Mon personnage sur second life est une femme. J'ai fini par me rendre sur une zone pour adulte. J'y ai fait la connaissance d'un hollandais, nous avons communiqué en anglais. On a parlé expérience sexuelle virtuelle, il m'a proposé d'en vivre une. Nous nous sommes rendu sur une ile déserte, au soleil couchant. Nos deux personnages était face à face.

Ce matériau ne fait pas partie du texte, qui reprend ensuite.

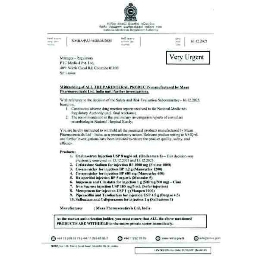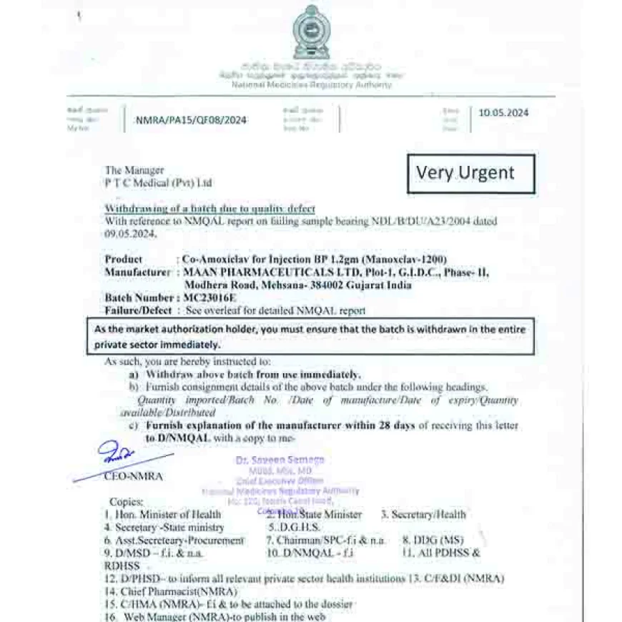 "මෙරට ඖෂධ නියාමනය සම්බන්ධයෙන් පහුගිය ආණ්ඩු අනුගමනය කළේ කිසිසේත්ම විශ්වාස කළ නොහැකි දෙබිඩි පිළිවෙතක්. මේ රටේ ඖෂධ නියාමනයේ ප්රතිපත්තිය “බ්රිතාන්ය ප්රමිතියට” අදාළ ඖෂධ ලංකාවට ගෙන්වීම සහ බෙදාහැරීම වුවත් සමහර ආණ්ඩු, සමහර ඇමතිවරු, සමහර බලධාරීන් තම තමන්ගේ බලය පාවිච්චි කරමින් ප්රමිතියෙන් තොර බාල ඖෂධ ලංකාවට ගෙන්වා සෞඛ්ය ක්ෂේත්රයට ඇතුලත් කළා.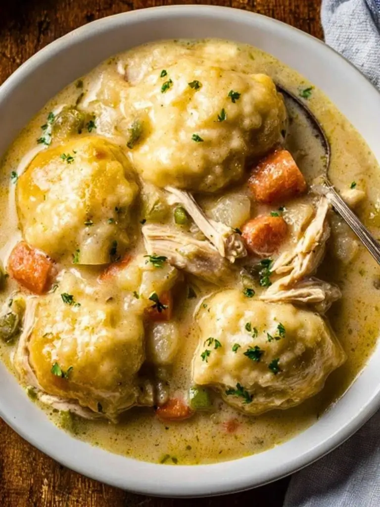 This dish is best served piping hot straight from the pot. Scoop generous portions of the creamy chicken stew with a couple of dumplings into wide bowls. A sprinkle of fresh parsley adds a pop of color and freshness that complements the rich broth. Serve with a side of crusty bread if you’re feeling extra indulgent.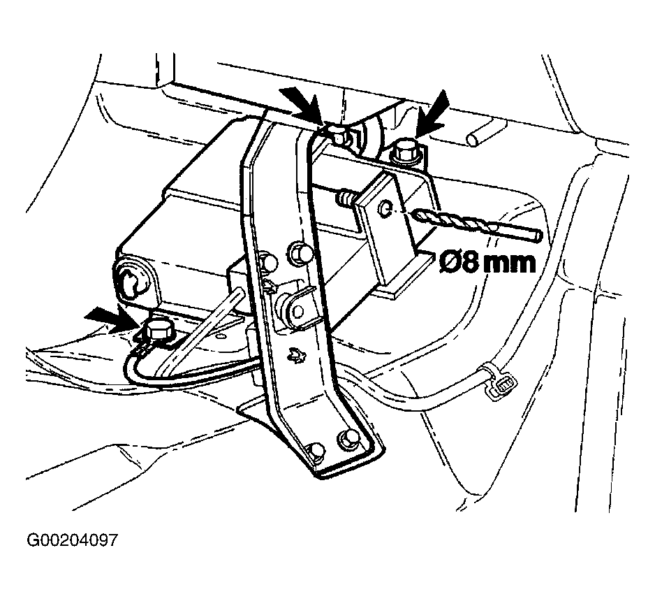2. Drill out security screw from security strap on Engine Control Module (ECM). Ensure whole security screw is removed. Remove security strap. Remove screws holding ECM and work ECM forward on right side. Disconnect wire harness. See Fig 1.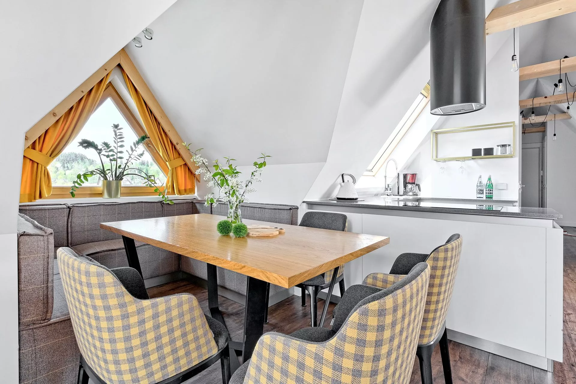 Apartament Superior składa się z przestronnego salonu połączone z aneksem kuchennym, przedpokoju, łazienki, dodatkowej toalety oraz dwóch sypialni. Dzięki licznym przeszkleniom salon jest pełny naturalnego światła. Salon w stonowanych barwach z elementami drewnianymi wyposażony został w stół z krzesłami, TV, rozkładaną sofę 2 osobową oraz łóżka podwójnego. Bezpośrednio z salonu można wyjść na balkon i cieszyć się widokiem na okolicę. Sypialnie wyposażone zostały w łóżka podwójne, co zapewnia wygodny sen po całym dniu spędzonym na zwiedzaniu okolicy. W kuchni znajdują się wszystkie niezbędne urządzenia oraz akcesoria. Wyposażona w lodówkę, zmywarkę, płytę elektryczną, kuchenkę mikrofalową, czajnik bezprzewodowy, ekspres do kawy oraz komplet naczyń i sztućców. Łazienka wyposażona w kabinę prysznicową, umywalkę, WC, suszarkę do włosów, ręczniki oraz zestaw kosmetyków. Apartament idealny dla 8 osobowej rodziny lub grupy przyjaciół. Rezydencja Diamond jest perfekcyjną bazą wypadową dla miłośników jazdy na rowerze, zwłaszcza dla tych, którzy chcą odkrywać urokliwe trasy wzdłuż Dunajca i w okolicach jeziora Czorsztyńskiego, znane jako Velo Dunajec i Velo Czorsztyn.
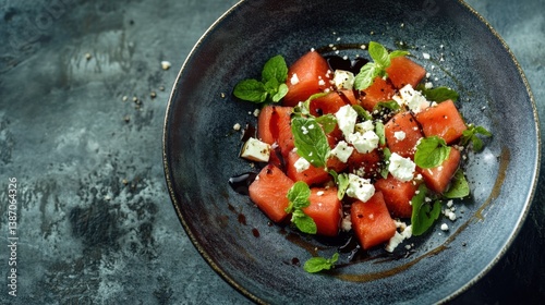 A refreshing watermelon salad with feta, mint, and balsamic glaze. Featuring freshness and tanginess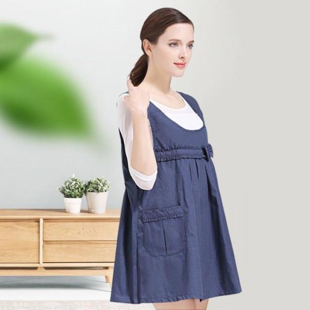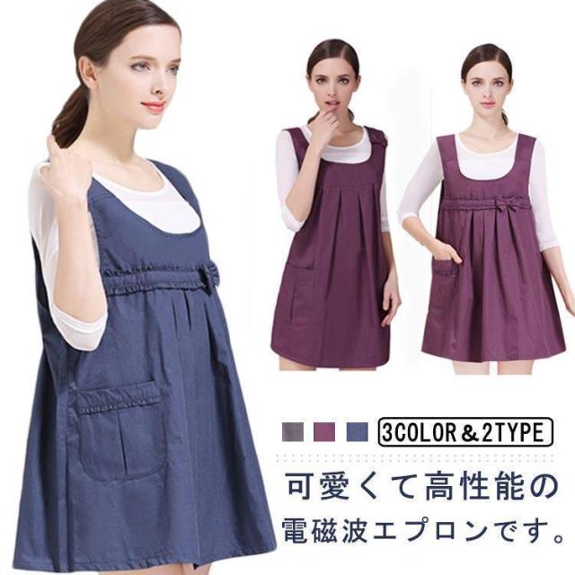 電磁波防止エプロン ベスト マタニティウェア ベスト リボン 電磁波防止ワンピース 電磁波カット 妊婦服 電磁波防止 ポケット付き 電磁波シールド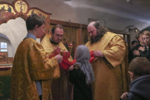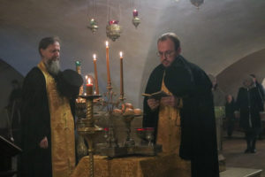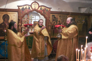 На сугубой ектении были возглашены особые прошения о восстановлении мира, а также за архипастырей и пастырей гонимой Украинской Православной Церкви, после чего была вознесена молитва о Святой Руси.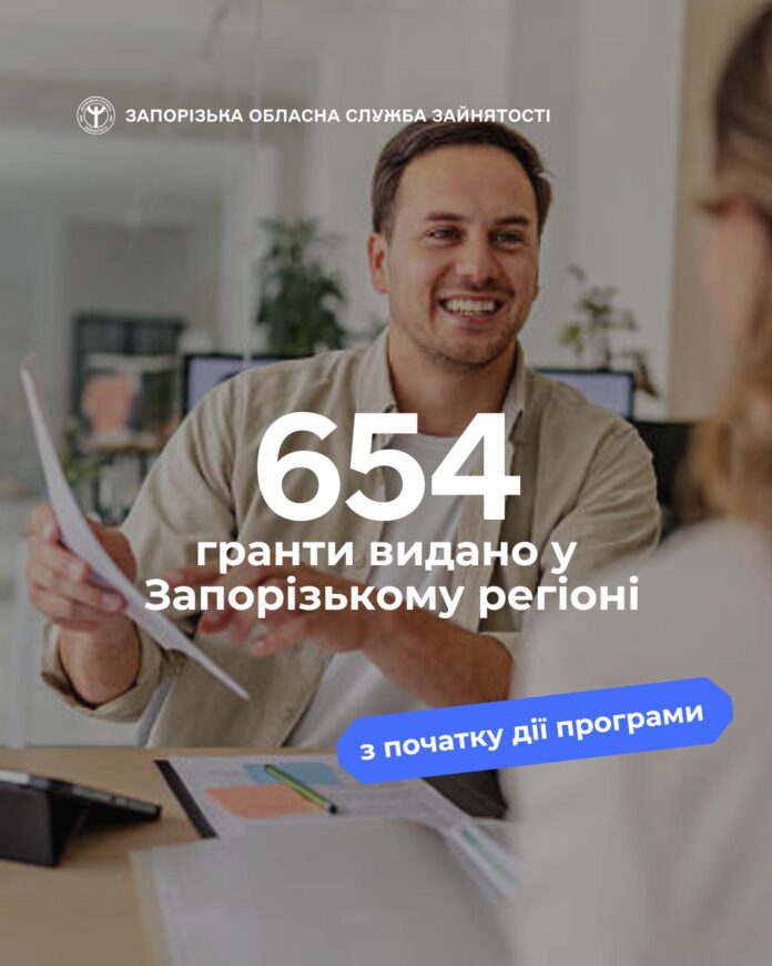 З початку дії програми Запорізькою службою зайнятості видано 654 гранти на загальну суму майже 213 млн грн. Серед отримувачів – 48 учасників бойових дій та їхніх дружин.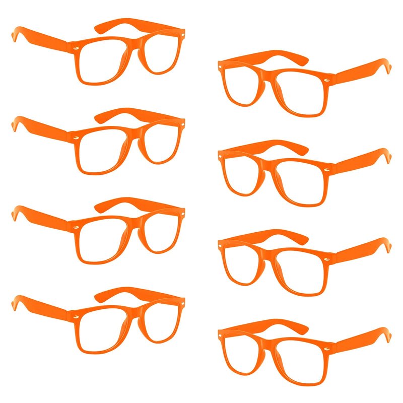 Pibupibu 8/20 Packs Kids/Adult Frame Only No Lens Orange/Multicolor Glasses Party Favors Supplies (Adult 8 Pack-Orange)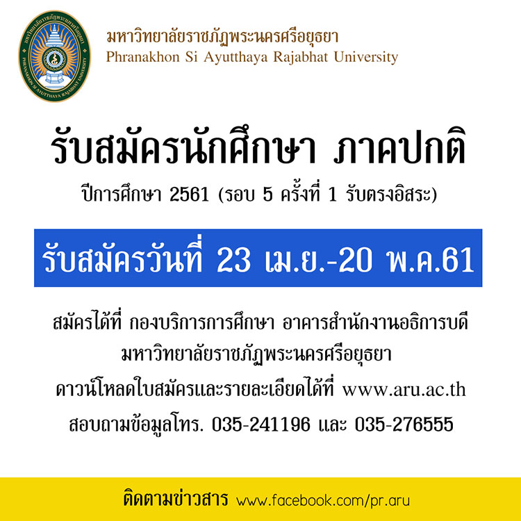 มหาวิทยาลัยราชภัฏพระนครศรีอยุธยา รับสมัครนักศึกษา ภาคปกติ ปีการศึกษา 2561 (รอบ 5 ครั้งที่ 1 รับตรงอิสระ)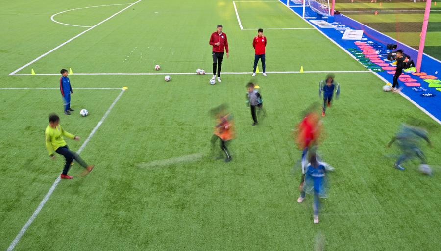 Serbian coach Aleksandar Pantic (Top, L) watches the training of young football players at Tianjin Football Association Youth Training Center in north China's Tianjin Municipality, April 23, 2024.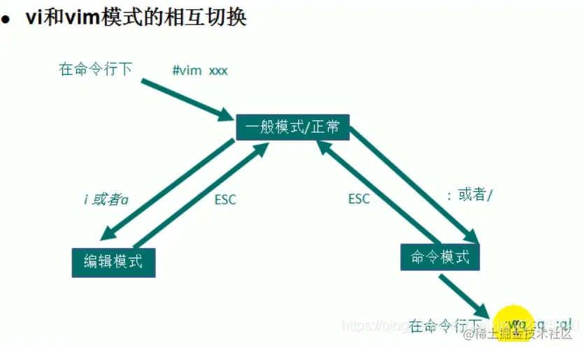 编辑模式下按ESC到一般模式,想进去命令模式,得英文状态下按住shift再按;键。才能打命令行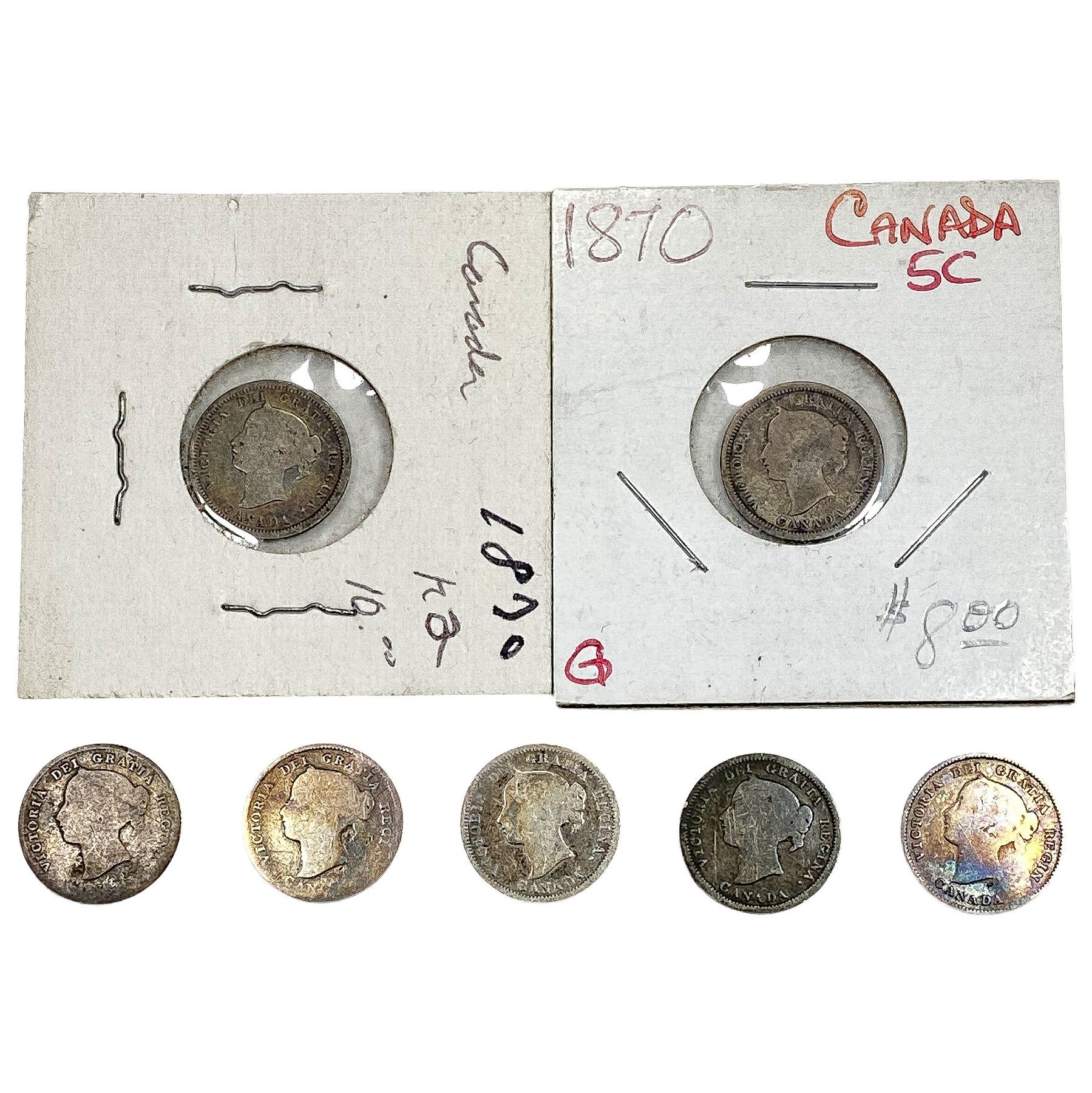 1870 Better Date Canada 5 Cent Silver [7 Coins]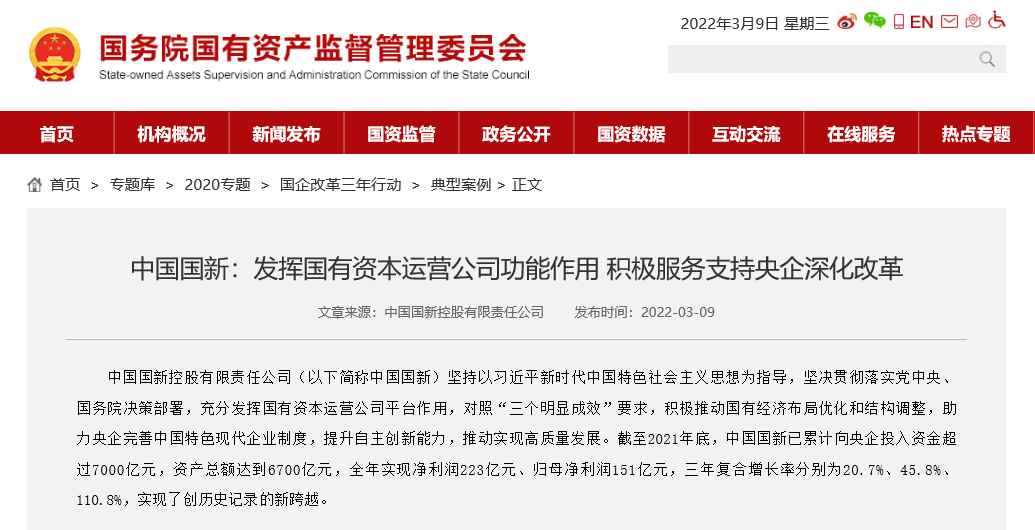 3月9日,國資委網(wǎng)站刊發(fā)中國國新落實國企改革三年行動典型案例文章《中國國新:發(fā)揮國有資本運營公司功能作用 積極服務(wù)支持央企深化改革 》。為您全文分享如下。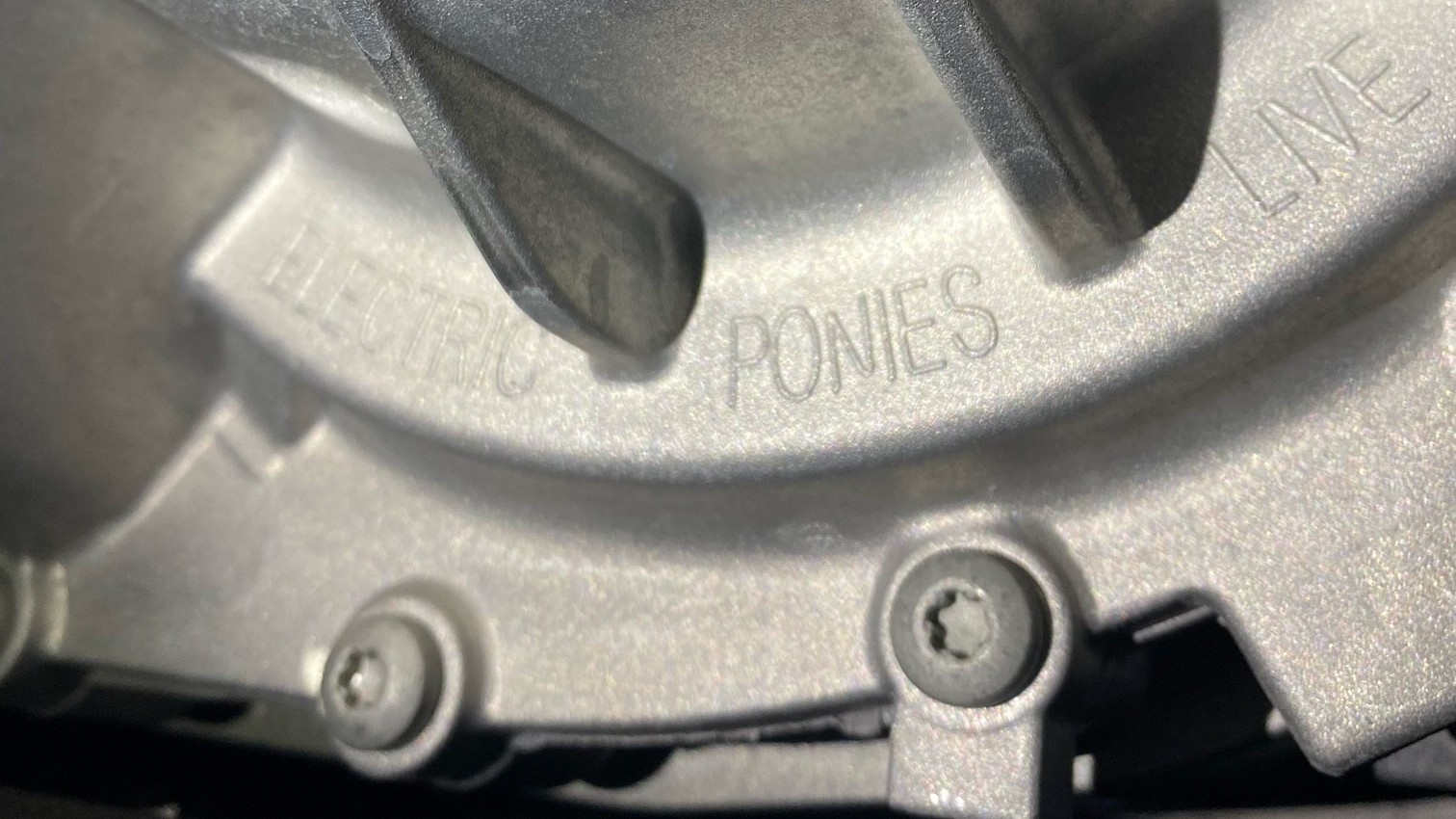 The photos show a line of text printed into the metal casing of the Mach-E electric motor reading "Electric Ponies Live Here," as a nod to this street-cruising all-electric crossover's tenuous branding connection with the iconic Mustang sports car.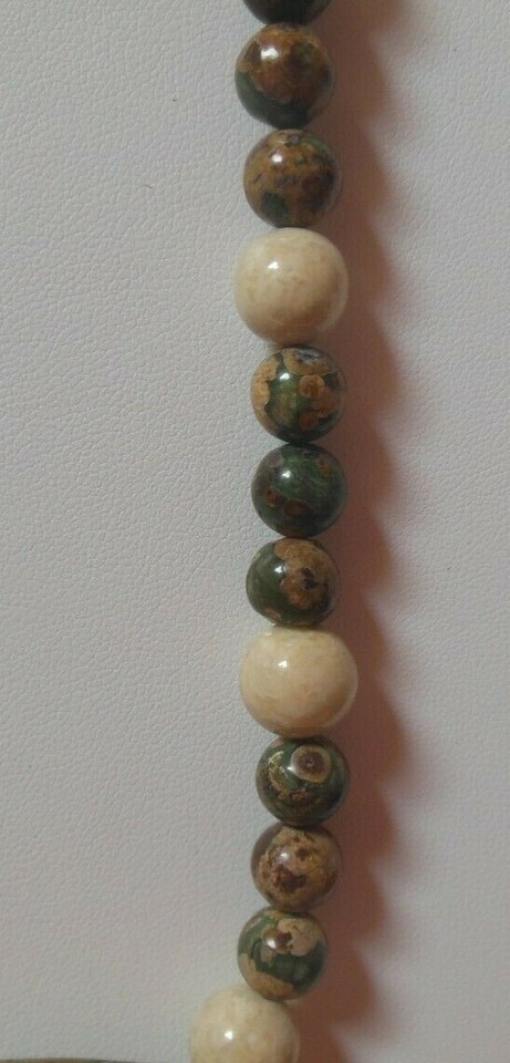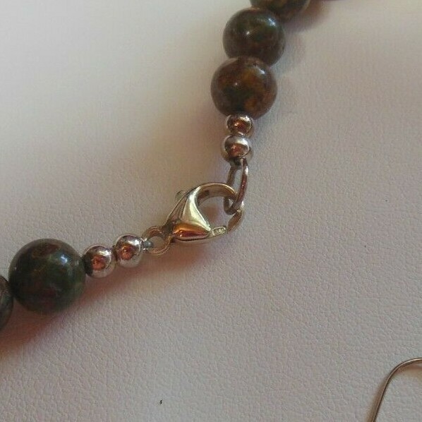 Vintage Brown/Green/Cream Stone Pendant 925 Clasp Necklace Hook Earrings
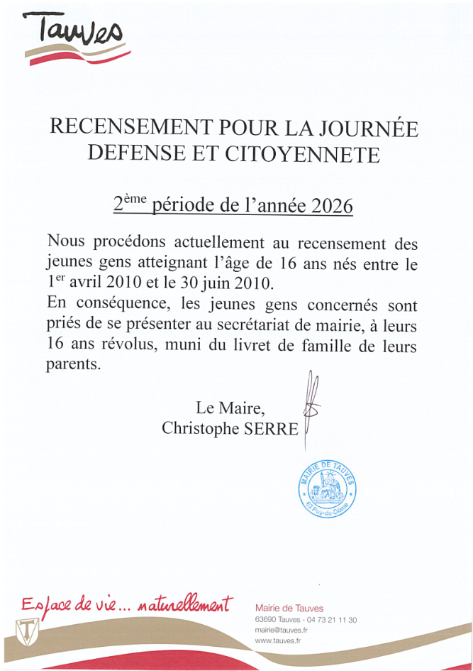 Recensement pour la journée défense et citoyenneté 2ème période 2026

Ils n'ont pas bougés, il m'a fait l'amour rien qu'avec des mots qui n'étaient pas dans ma langue. Nos personnage se sont effeuillé au fur et à mesure de nos paroles. C'était une expérience dont je ne soupsonnais pas la richesse. Je n'ai pas bandé, mais mon corp était ému. Il savait parlé au femmes !
L'expérience était tout de même frustrante, privé d'image j'ai eu l'impression de faire l'amour les yeux fermés. Sur second life, il existe justement des zones adultes pour mettre en scène ses personnages. J'ai renouvellé l'expérience avec un jeune italien. Ce fut qu'une suite de position, avec un texte très pauvre... Fellation, 69, levrette... À un moment un américain nous à rejoint, j'étais prise en sandwitch... Rigolo, mais sans plus. Du faux sexe sans sexe !
Cette expérience anodine, plus mue par la curiosité que par le désir m'a fait prendre conscience qu'une partie de moi aimerais bien voir aileurs...
Et puis j'ai décidé de monter ce blog et par son intermédiaire de partir à la découverte du web coquin. J'y ai découvert un libertinage artistique, et non exclusivement basé sur le sexe. Artistique au travers des photos, au travers des textes, au travers des sensibilités exprimées dans la narrations des expériences vécus. J'ai découvert beaucoup de gens épanouis qui ont pris leur sexualité en main au lieu de la subir.
J'ai lu des textes qui m'ont donné l'impression de te trompé, j'ai lu des texte qui ont fait monté ma colère contre toi. Parce qu'il relate des expériences qui me sont à jamais interdites.
J'ai été émerveillé par certaines personnalités, qui ont essayées de me soutenir. J'étais reconnu dans ma démarche personnelle pour analyser mon mal être. Ce fut une bouffé d'oxygène. J'avais enfin une existance en dehors de toi. Ces personnes libertines pouvais m'offrir plus que la reflexion. Elles m'apportaient le fantasme, que j'ai perdu avec toi. Elles pouvaient potentiellement les réaliser, et ça m'a fait tourner la tête. Une euphorie de liberté, j'avais le choix de vivre avec mes désirs et de pouvoir les réaliser.
Je n'ai pas mis un terme à mes expérience sensuelle virtuelle. Je suis inscris sur un serveur privé de mmorpg, serveur roleplay strict. J'ai eu l'occasion d'y flirter, toujours dans le role d'une femme. Je ne sais pas si je prendrais autant de plaisir si je jouais un homme. Je n'éprouve pas le besoin de "construire" une relation ailleurs même sous forme de jeu. Jouer une femme c'est autre chose, effleuré l'inaccessible, le virtuel total. Etre ce que je ne peux pas être dans la vie, mais cela reste un jeu et non un besoin.
Pourtant je suis également inscrit sur un forum roleplay pour adulte. J'hésite cependant à me lancer, car je compte y jouer mon role. Là j'espère y trouver des réponses à mes questions. Ce ne serais plus qu'un jeu, mais également une démarche. Ce serait un gros investissement, en temps et en reflexions mais je ne sais pas s'il pourrait être profitable. Me permettra t'il de trouver un erzatz au manque de senxualité que j'éprouve parfois ?
J'ignore si la société le permettra plus tard, mais je pense qu'une vie sexuelle séparé de la vie de couple serais quelques chose de plus sain. En tout cas cela permettrai à des personnes comme moi de mieux gérer leur désirs, de diminuer les tensions.
Une chose est sûre, ce n'est pas encore dans les moeurs, ce n'est pas encore dans tes moeurs...
J'ai fais un choix que je ne peux affirmer être définitif, mais je ne céderais pas aux appels des sirènes... Celà me rend t-il plus heureux ? Oui. Serain ? Oui. Frustré ? Oui. Parce que je suis un adulte libre, et que je me prive volontairement d'expérience qui à mon sens ne changerais pas ni ma vision de toi, ni l'amour sincère que je te porte.